Corruption in aid programs is a cyclical topic. Every scandal generates headlines, political reaction, tighter controls and then, usually, silence until the next scandal erupts. Such cycles are not helpful and we never really find out if such corruption is large and systematic or small and isolated.
Last year I commented on press exaggerations of a Global Fund investigation into the use of grants in Mauritania.

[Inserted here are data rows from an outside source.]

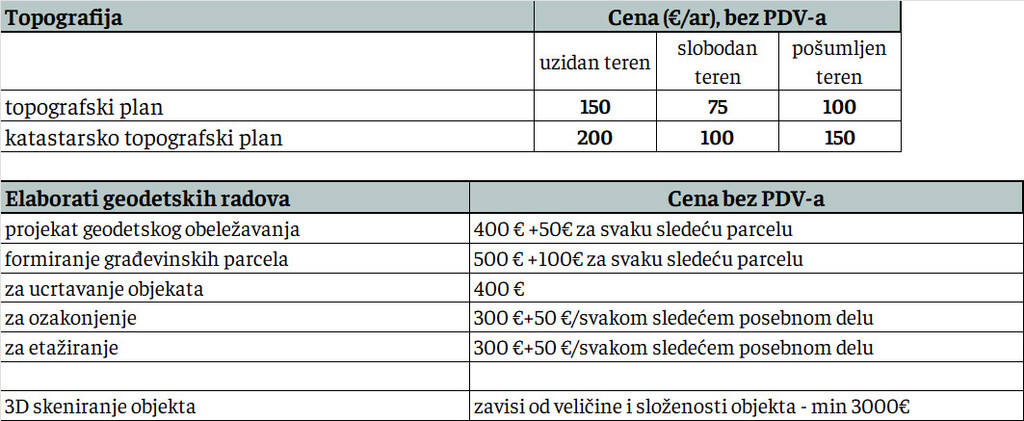 Cene date u tabelama u nastavku se odnose na ugovore koji se sklapaju sa jednom firmom, za jedan projekat.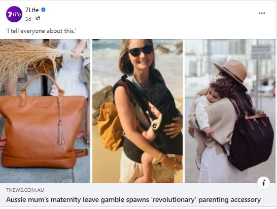 "Aussie mum’s maternity leave gamble spawns ‘revolutionary’ parenting accessory. - I tell everyone about this.’ Sophie Haslett, 7NEWS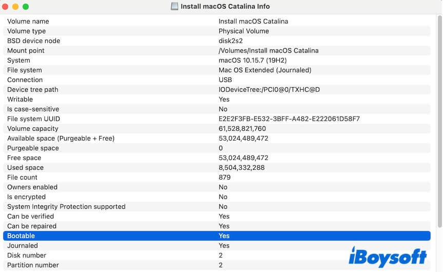 Verifica si el instalador USB de Catalina es realmente no arrancable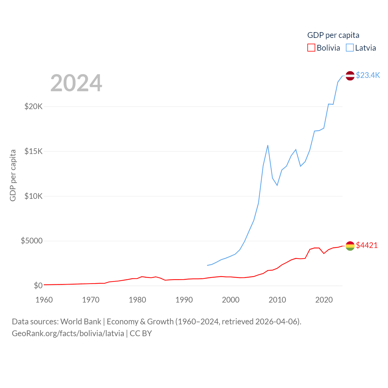By GDP, Bolivia ranks 88/197 ($54.9B) and Latvia ranks 99/197 ($43.7B). By GDP per capita, Bolivia ranks 125/197 ($4,421), while Latvia ranks 54/197 ($23,409).

The AP article made irresponsible allegations about the overall portfolio of the Global Fund on the basis of reports from a few small projects. (The Global Fund deserves credit for publishing its investigative reports with transparency). I argued that the only way out of this dysfunctional cycle was to have a way to judge how representative such investigations are of the Global Fund’s overall portfolio of projects.
Last week, we convened a workshop at CGD to ask whether it would be feasible for aid agencies to generate such “portfolio estimates” of corruption (or improper payments more broadly). This would require allocating investigative resources to a representative sample of projects on an annual basis instead of focusing investigations exclusively on cases where abuses were alleged. With a small group of high-level aid agency officials, inspectors general, researchers, and former police officers, we discussed examples of institutions that regularly produce such portfolio estimates and considered the unique features of foreign aid that might facilitate or obstruct such an approach.

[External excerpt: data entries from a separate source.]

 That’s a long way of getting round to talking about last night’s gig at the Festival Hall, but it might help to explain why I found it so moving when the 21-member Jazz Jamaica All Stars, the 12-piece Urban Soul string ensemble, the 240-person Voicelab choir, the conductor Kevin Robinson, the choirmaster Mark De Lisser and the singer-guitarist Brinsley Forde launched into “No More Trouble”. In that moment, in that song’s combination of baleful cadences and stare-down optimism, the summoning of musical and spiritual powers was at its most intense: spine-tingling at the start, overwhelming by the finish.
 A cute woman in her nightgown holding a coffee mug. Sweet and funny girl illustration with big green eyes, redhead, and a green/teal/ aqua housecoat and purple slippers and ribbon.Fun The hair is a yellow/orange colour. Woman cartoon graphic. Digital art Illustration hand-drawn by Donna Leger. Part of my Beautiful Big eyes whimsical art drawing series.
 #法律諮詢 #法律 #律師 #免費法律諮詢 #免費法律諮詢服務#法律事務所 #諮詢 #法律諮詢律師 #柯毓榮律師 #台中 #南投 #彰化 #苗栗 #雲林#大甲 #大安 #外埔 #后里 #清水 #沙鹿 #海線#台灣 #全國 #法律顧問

The clearest story came from the New York Police Department (NYPD) which, in the early 1990s, started a program of targeted integrity testing. When officers were accused of malfeasance, investigators would test their honesty by presenting them with an artificial (and recorded) opportunity to take a bribe or to profit from their position. This process led to dismissals and/or convictions of about 25% of the officers who were tested in this way.

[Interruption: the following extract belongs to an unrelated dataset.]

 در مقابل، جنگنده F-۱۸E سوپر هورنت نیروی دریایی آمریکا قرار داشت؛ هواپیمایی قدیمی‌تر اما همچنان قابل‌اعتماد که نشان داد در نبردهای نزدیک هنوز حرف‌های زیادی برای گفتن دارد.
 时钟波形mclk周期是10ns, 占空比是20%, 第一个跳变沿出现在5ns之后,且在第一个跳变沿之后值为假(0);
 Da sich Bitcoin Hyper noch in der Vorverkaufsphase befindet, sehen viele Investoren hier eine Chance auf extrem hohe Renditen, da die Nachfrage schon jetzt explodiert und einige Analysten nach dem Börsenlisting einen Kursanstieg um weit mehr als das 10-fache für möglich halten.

However targeted testing only revealed how many officers were likely to be corrupt once someone had lodged a complaint. Such targeted testing is important, but it cannot answer the question the public really wants to know which is: how many officers have the integrity to turn down (and report) an attempted bribe? Today the NYPD has the answer to this question because since 1996 they have also been conducting random testing. Officers know that they may be randomly selected and presented with an opportunity to commit a corrupt act in the course of their work. About 3 to 4 percent of those who are randomly tested get caught in some infraction and are dismissed and/or convicted through this process. In other words, as a result of this random testing, the NYPD Commissioner can confidently tell New York City residents that 96 to 97 percent of the 34,500 police officers at work are honest.
The NYPD’s random testing is the clearest example of a portfolio estimate, but we also discussed other cases. The United States Improper Payments Elimination and Recovery Act (IPERA) requires agencies to provide portfolio estimates for high-risk programs. Thus, US agencies provide annual figures on improper payments (which include simple errors as well as fraud) under Medicare Fee-for-Service ($28.8 billion or 8.6% in 2011), the Earned Income Tax Credit ($15.2 Billion or 23.5% in 2011), Defense programs ($900 million in 2011), and many other programs. The methods for generating such estimates vary considerably – some are quite good while others are questionable. Similar variability in the quality of estimates has been found in international comparisons of fraud in social security systems. We also discussed a report that alleged corruption in the US aid portfolio to Afghanistan, with participants pointing out that the methodology for obtaining those figures was never explained.
Having a portfolio estimate for improper payments or fraud is important for judging whether the results of any particular investigation are an aberration or a systematic problem. But there are other benefits:
- A deterrent effect – when people know that there is a chance of being randomly selected for an investigation, it encourages them to behave honestly.
- A management effect – a common response to scandals is to introduce more stringent procurement rules and reporting requirements without evidence that this would make a difference, yet regular portfolio estimates would help managers to judge if their strategies are succeeding.
- A resource allocation effect – reliable information about the types and location of fraud and errors can help investigative offices prioritize their limited resources and help agency heads decide how much to dedicate to investigation.
- A discovery effect – current systems tend to discover fraud and errors only when a whistleblower or disgruntled competitor raises the alarm; portfolio estimates from random testing can uncover scams that would not otherwise be revealed.
The benefits are huge but two big questions remain: Are portfolio estimates feasible? And if they are feasible, what would it take for aid agencies to try? Our next steps are to answer these questions and maintain an open dialogue with the agencies involved.